2. Ascertaining the differences between the prior art and the claims at issue.
3. Resolving the level of ordinary skill in the pertinent art.
4. Considering objective evidence present in the application indicating obviousness or nonobviousness.
This application currently names joint inventors. In considering patentability of the claims the examiner presumes that the subject matter of the various claims was commonly owned as of the effective filing date of the claimed invention(s) absent any evidence to the contrary.  Applicant is advised of the obligation under 37 CFR 1.56 to point out the inventor and effective filing dates of each claim that was not commonly owned as of the effective filing date of the later invention in order for the examiner to consider the applicability of 35 U.S.C. 102(b)(2)(C) for any potential 35 U.S.C. 102(a)(2) prior art against the later invention.

Claims 1, 4-14, 17-18, 21, 23, and 25 are rejected under 35 U.S.C. 103 as being unpatentable over Liu et al (“Quantum Tensor Networks for Variational Reinforcement Learning”, 2020) hereinafter Liu, in view of Xu et al (“Multi-Graph Tensor Networks”, 2021) hereinafter Xu.
Regarding claims 1 and 14, Liu teaches a computer-implemented method for contracting a tensor network; a device implementing an agent for contracting a tensor network, comprising: one or more processors; and a non-transitory computer-readable medium, having computer-executable instructions stored thereon, the computer-executable instructions, when executed by the one or more processors, causing the one or more processors to; a non-transitory computer-readable medium implementing an agent, having computer-executable instructions stored thereon, for model training, the computer-executable instructions, when executed by one or more processors, causing the one or more processors to (sections 1, 3.1, and 4.2 teach determining computational and storage costs for algorithm calculations, directed to program execution efficiency on one or more processors in a computer system communicatively coupled to one or memories for performing the embodiments of the disclosure): 
generating a graph representation of the tensor network (sections 2.2 and 4.3 teach “Tensor networks have a highly intuitive graph representation [19]. As shown by Fig. 1, the modes are represented as edges.

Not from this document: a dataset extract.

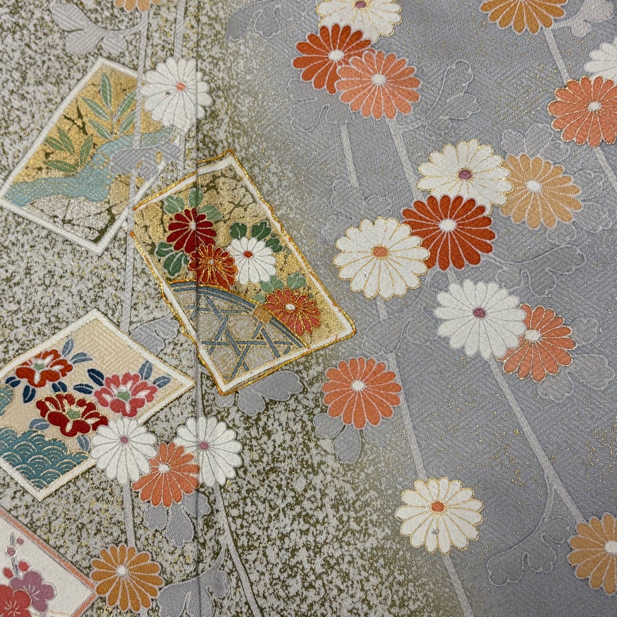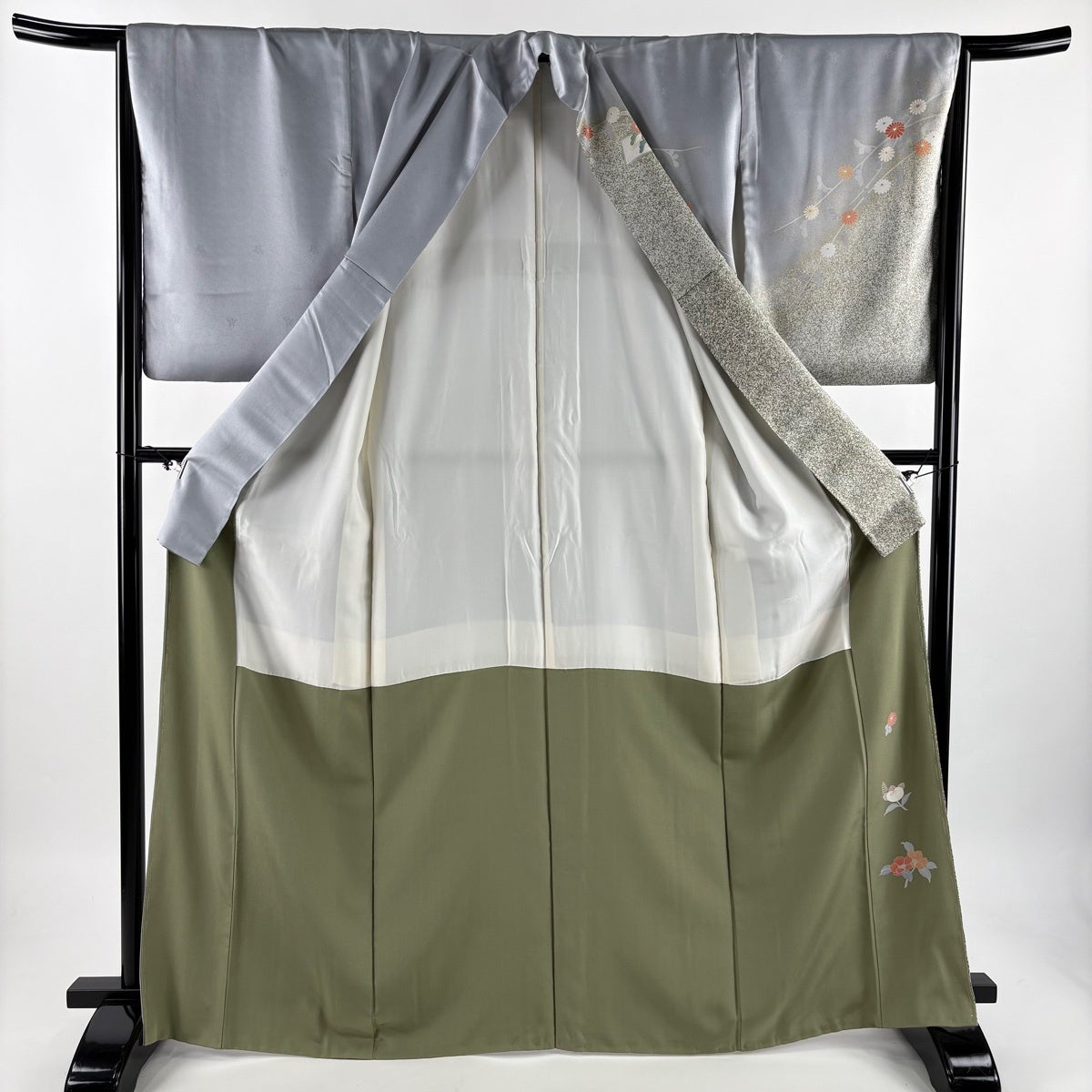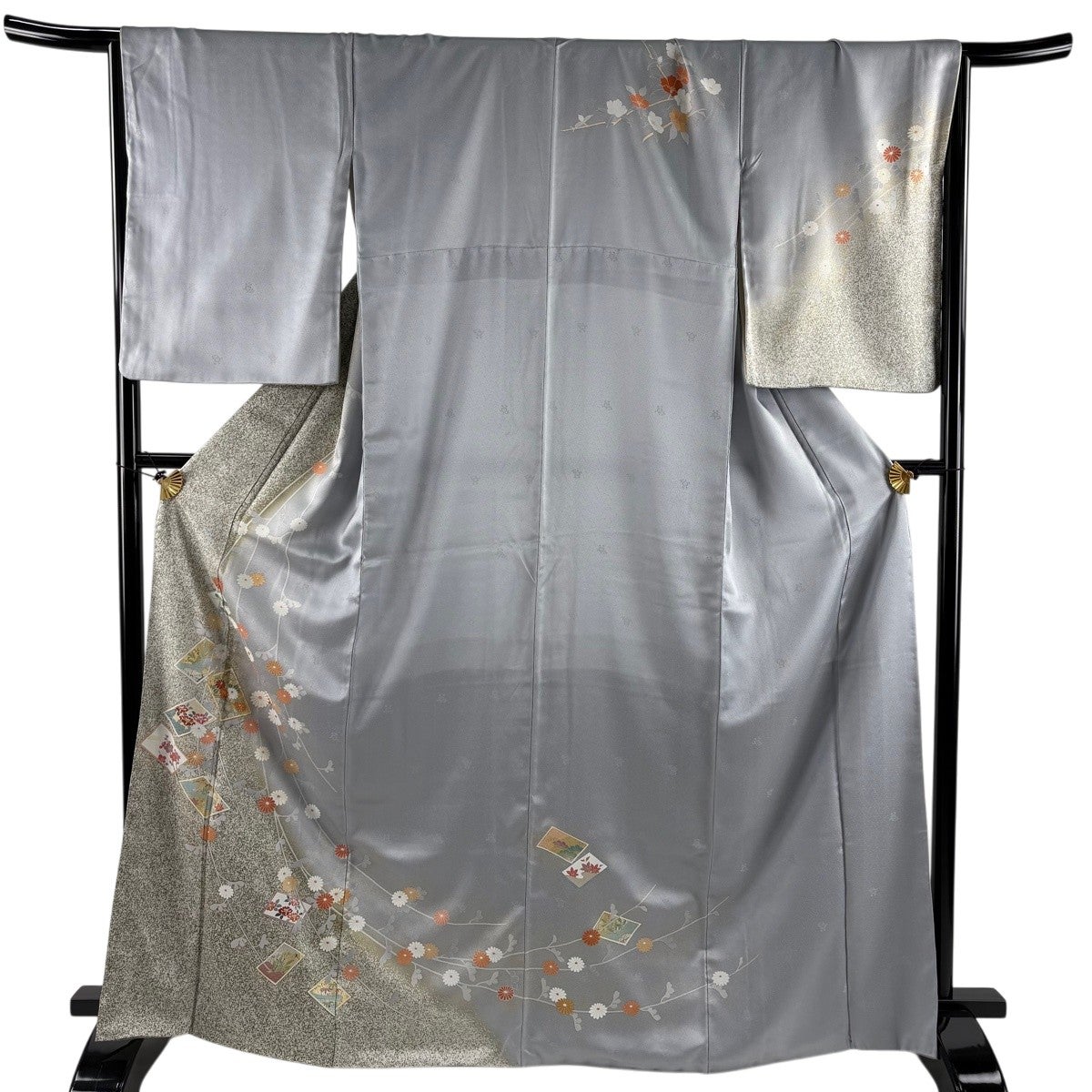 付下げ 身丈168cm 裄丈67cm M 薄物 夏紬地 秋草 光悦垣 刺繍 金糸 灰色 正絹 秀品 一つ紋
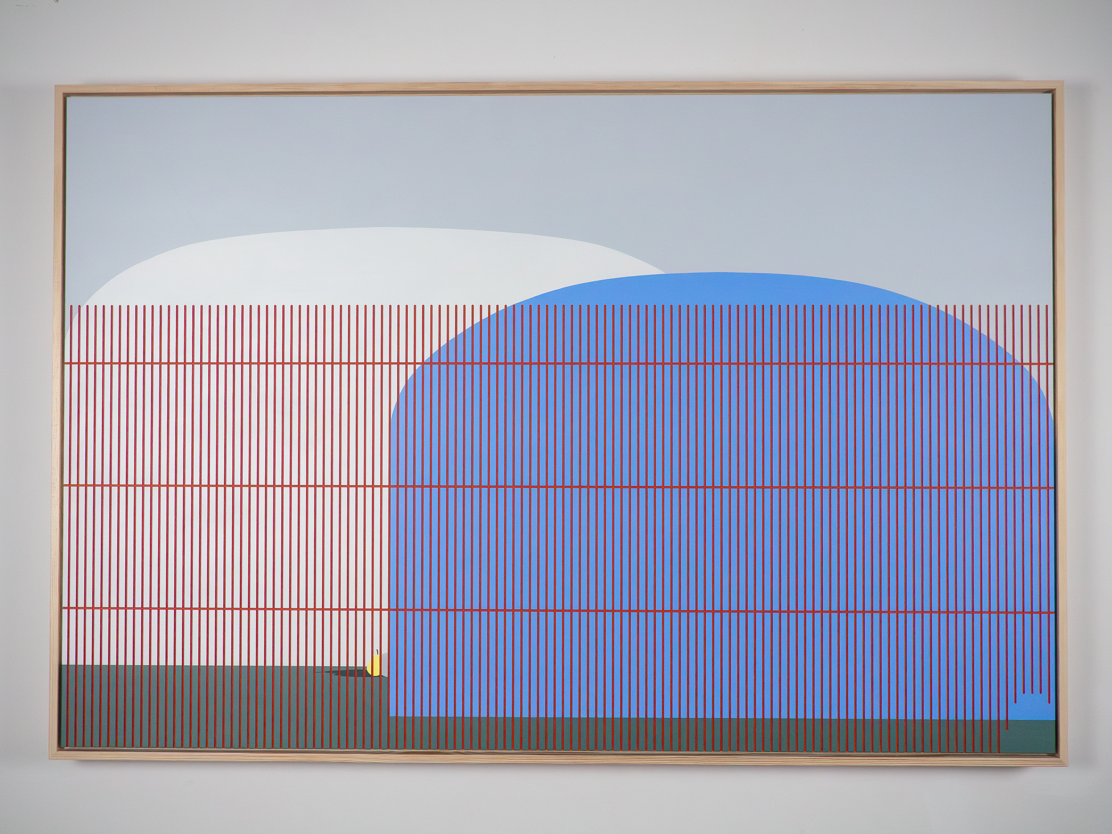 "Stadtbezirk II*", 2024 Acryl auf Mdf, Fräsung im Malgrund, 80 x 120 cm (verkauft)

Two nodes connected by a common edge means the corresponding tensors are contracted in that mode”), the graph representation comprising nodes and edges connecting the nodes, wherein each node represents a tensor in the tensor network and each edge represents a set of shared indices between two tensors (sections 2.2 and 4.3 teach “Tensor networks have a highly intuitive graph representation [19]. As shown by Fig. 1, the modes are represented as edges. Two nodes connected by a common edge means the corresponding tensors are contracted in that mode”);
processing, by a policy model of a trained agent, the graph representation to determine a contraction path for the tensor network (section 4.2 teaches a reinforcement learning “agent” determining rewards for “state-action pair[s]” of the tensor representations; sections 4.3-4.4 teach “Having obtained representations for the reward and policy (policy model of a trained agent) using tensor networks, we connect the two MPS’s on every dangling edge. This connection operation corresponds to the inner product in (12), giving us a tensor network that calculates a scalar output for the total energy H’(π) when contracted (determine a contraction path).”); and
processing the tensor network in accordance with the contraction path to generate a contracted tensor network (sections 4.3-4.4 teach “Having obtained representations for the reward and policy using tensor networks, we connect the two MPS’s on every dangling edge (processing the tensor network). This connection operation corresponds to the inner product in (12), giving us a tensor network that calculates a scalar output for the total energy H’(π) when contracted (in accordance with the contraction path to generate a contracted tensor network).”);
wherein the policy model of the trained agent is trained by a reinforcement learning (RL) process comprising performing, for one or more iterations:
generating a distribution a weights over edges of a sample graph representation of a sample tensor network (section 4.2 teaches a reinforcement learning “agent” determining rewards for “state-action pair[s]” of the tensor representations; sections 2.1-2.2 and 4.3-4.4 teach determining policies as a distribution of edge vectors in the network),
selecting an edge from the distribution and performing a pairwise tensor contraction along the selected edge to update the sample graph representation (section 4.2 teaches a reinforcement learning “agent” determining rewards for “state-action pair[s]” of the tensor representations; sections 2.2 and 4.3-4.4 teach “Having obtained representations for the reward and policy using tensor networks, we connect the two MPS’s on every dangling edge. This connection operation corresponds to the inner product in (12), giving us a tensor network that calculates a scalar output for the total energy H’(π) when contracted”; wherein “Two nodes connected by a common edge means the corresponding tensors are contracted in that mode (pairwise)”),
determining a loss corresponding to the pairwise tensor contraction along the selected edge and adding the loss to an accumulated path loss (sections 2 and 2.2 teach “mode-k product (a.k.a, tensor contraction, Einstein sum)” of the edges. Sections 3.2 and 4.3-4.4 teach computing an “error between the true tensor and the estimation” of connected (contraction) tensor cores for an optimal “path” total (accumulated path loss)), and
updating, based on a terminal state accumulated path loss corresponding to a selected sequence of pairwise tensor contractions, parameters of the policy model (sections 4.3-4.4 teach repeating the error computation of tensor core connections “until the error between the true tensor and the estimation is smaller than ∈1” while updating the policy).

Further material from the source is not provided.